AIM OF THE TASK: No pictures belong in the copy. Set down exactly the lines from the one that contains "佛山地铁3号线全线开通意义重大。 佛山地铁3号线是一条贯穿顺德、禅城、南海三区" through the end of the data.

START RECORD SET

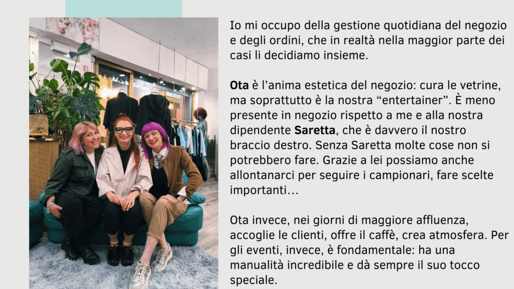 Com’è il vostro approccio con la clientela in negozio? Vi vedete più come venditrici, consigliere di stile, confidenti…?
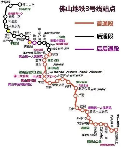 佛山地铁3号线全线开通意义重大。 佛山地铁3号线是一条贯穿顺德、禅城、南海三区
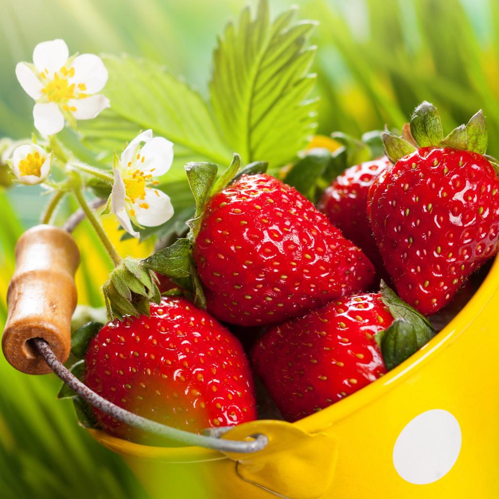 Wallpaper Red strawberry with white flowers
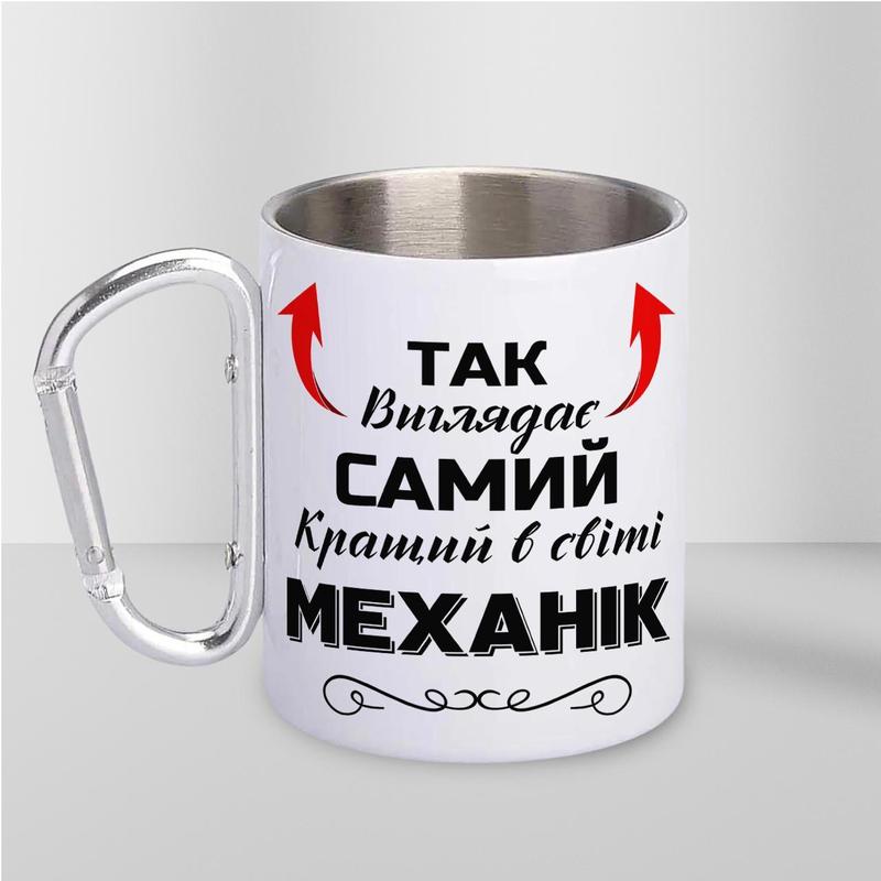 Кружка металева з карабіном "так виглядає самий кращий механік" 300 мл біла |швидка дост...
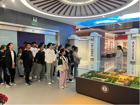校史馆记录着学校的发展脉络,从初创到如今的成就,每一个阶段都值得铭记和回味。这里有学术的传承,有文化的沉淀,更有精神的延续,它不仅仅是一个展示的空间,更是连接过去与未来的桥梁。参观过程中,同学们的目光中充满了对历史的敬畏与好奇,他们驻足在每一张图片前,仿佛能穿越时空,与那些为学校发展贡献过智慧与汗水的先辈们进行心灵的对话。讲解员生动的解说,不仅让同学们对学校的历史有了更全面的了解,更激发了大家对未来学习的美好向往与期待。
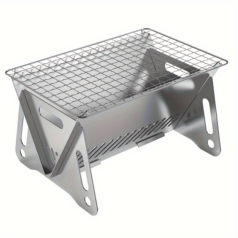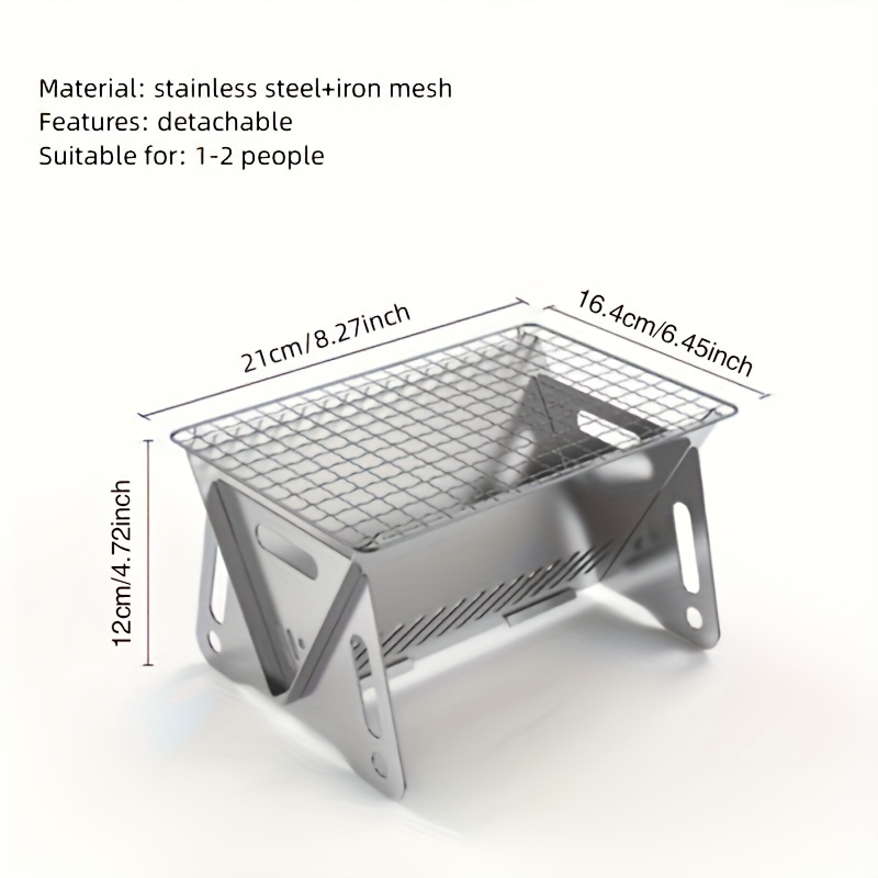 1pc Portable Camping Stove – Durable Stainless Steel Folding Wood Burning Stove with Grill Plate for Outdoor Adventures, Backpacking, and BBQ – Compact, Lightweight, and Easy to Carry

END RECORD SET

ANSWER AREA:
 佛山地铁3号线全线开通意义重大。 佛山地铁3号线是一条贯穿顺德、禅城、南海三区
 Wallpaper Red strawberry with white flowers
 Кружка металева з карабіном "так виглядає самий кращий механік" 300 мл біла |швидка дост...
校史馆记录着学校的发展脉络,从初创到如今的成就,每一个阶段都值得铭记和回味。这里有学术的传承,有文化的沉淀,更有精神的延续,它不仅仅是一个展示的空间,更是连接过去与未来的桥梁。参观过程中,同学们的目光中充满了对历史的敬畏与好奇,他们驻足在每一张图片前,仿佛能穿越时空,与那些为学校发展贡献过智慧与汗水的先辈们进行心灵的对话。讲解员生动的解说,不仅让同学们对学校的历史有了更全面的了解,更激发了大家对未来学习的美好向往与期待。
 1pc Portable Camping Stove – Durable Stainless Steel Folding Wood Burning Stove with Grill Plate for Outdoor Adventures, Backpacking, and BBQ – Compact, Lightweight, and Easy to Carry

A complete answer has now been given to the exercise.